Group Leader: Murray Hicks
- Braided systems tend to have multiple pathways of adjustment, including bed roughness, local slope adjustments, braiding intensity, lateral shifts, etc. From a modelling perspective, how do we develop rational criteria to estimate which pathway a river is likely to take, and simulate essential feedbacks among these?
- Better understanding of the effects of (in-reach and external) bed-material supply on braiding morphodynamics.
- Better understanding the medium-long term (50-100 year) morphodynamics of braided channels – to better understand current processes as well as for prediction of future channel behaviour.
- Understanding the morphodynamic behaviour of the active braid belt –better understanding of the active belt dynamics is needed to manage the boundaries between humans and braided rivers. Example issues: avulsion precursors and prediction; braid-belt erosion and active-belt migration.

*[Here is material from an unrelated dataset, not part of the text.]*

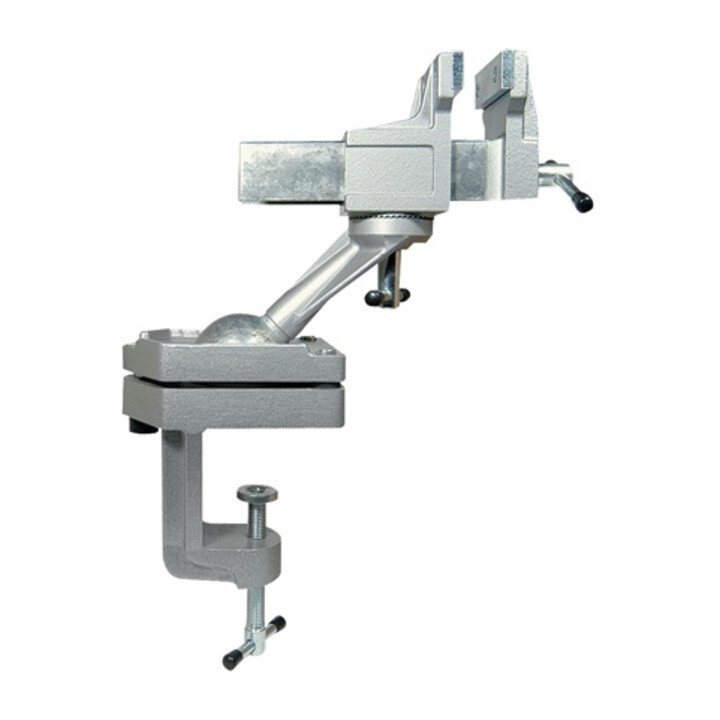 Małe imadło z przegubem kulowym - możliwość mocowania za pomocą dźwigni zaciskowej - możliwość obracania o 360° i obracania o 90° - imadło i wspornik mocujący lub przykręcana płyta wykonane ze stopu metali lekkich - wykończenie młotkowe - ukryty trzpień stalowy - szczęki otwierane do przodu - z wymiennymi szczękami z tworzywa sztucznego - nr art. 4000 830 976 z aluminiowymi blokami obrotowymi/zaciskowymi

- Braided network morphological evolution at base flows. Anecdotal observations that side-braids become disconnected from main braid network during extended periods of base flow, thus reducing braiding index and changing habitat. This links with recent progress in the numerical modelling of diffluences, and may also relate to surface-water / ground-water interactions.
- Braided river mouth morphodynamic behaviour. Many New Zealand braided rivers enter the sea on wave-dominated coasts, and the mouth morphology typically has an elongated lagoon (“Hapua”) fronted by a gravel barrier with a narrow and very dynamic outlet channel. The outlet channel is vulnerable to closure by wave-deposited gravel, particularly at low river flows. Extended mouth closure events can impact on fish migration, therefore “mouth maintenance” flows are important issues when setting water extraction limits from these rivers (and may over-ride minimum flows for in-stream habitat). The problem is to predict these, since both river and coastal processes are involved.
- We require better measures of the type of morphological change caused by vegetation and also better understanding of the main processes and thresholds involved with this interaction. Science questions include:
(i) What is the morphodynamic signature of vegetation, and how does it depend on the types and distribution of vegetation present?
(ii) What physical properties of vegetation matter for morphodynamics?
(iii) What process do most of the work removing braidplain vegetation (e.g. bank erosion and lateral migration, surface scour, current drag, abrasion) and how does this relate to species and life-stage?
(iv) What hydraulic thresholds (e.g. shear stress) apply for given species and life stages, and how these relate to total discharge?
(v) How important is suspended sediment in the feedback between vegetation growth and morphological change?
(vi) How is braiding influenced by the effects of vegetation on bed-material availability?
(i)-(v) are all ingredients for morphodynamic models that seek to simulate braidplain morphologic evolution due to the individual or combined effects of flow regime change, dams, and vegetation invasion.
- What causes variation in vegetation cover in braided rivers? Vegetation cover varies greatly in braided rivers (e.g., from bar braided to island-braided configuration). The question is: how much vegetation, if any, do we expect for a given river and reach?
- Recruitment processes. This is controlled both by local conditions (access to groundwater, moisture) and external factors (climate, hydrological regime). It helps explain why some rivers are more prone than others to vegetation encroachment.
- The influence of riparian vegetation on meso-scale braided river topography and consequent effects on habitat. Examples: (i) the aggregate role of riparian vegetation on the form, elevation distribution and habitat structure of braided rivers. This would allow papers that go beyond a single habitat type and a local (albeit large) patch of vegetation).
- Improved understanding of the space-time disturbance frequency of braided river bed habitat, and identification of the optimum disturbance frequency for biota endemic to braided rivers. This pursues the idea that optimal braided river habitat and refugia occur in the less active areas of braidplain. It also relates to the characteristic morphologies that occur in variously active areas of braidplain (e.g. less active areas can evolve dendritic drainage networks). The application is towards defining, within a regulated regime, the minimum frequency of small floods to maintain substrate quality and so benthic habitat quality. This links also with changes in riverbed vegetation patterns under regulated flow regimes.
- Relationships between benthic habitat quality, surficial bed flushing of periphyton and fine sediment, general bed mobilisation, and water discharge. Ecologists in New Zealand tend to use multiples of the median discharge as an index flow for these processes (e.g. 3XQ50) – because it is easily done, but the connection with hydraulic parameters and thresholds (e.g. shear stress and threshold stress to scour periphyton and entrain bed material) is not well substantiated – so the reliability of such flow-based indices is questionable. This needs to be sorted one way or the other.
- What are the relative roles in braided river ecosystems of (i) spatial (ii) ‘hydrologic’ (induced by variation in discharge), and (iii) ‘autogenic’ (associated with internal morphologic change) variability?
- Do braided rivers and their associated ecosystems co-evolve?
- The effect of surface-water / ground-water exchanges on aquatic habitat patchiness, community diversity, and ecological potential. This is a key issue stemming from human pressure on water use.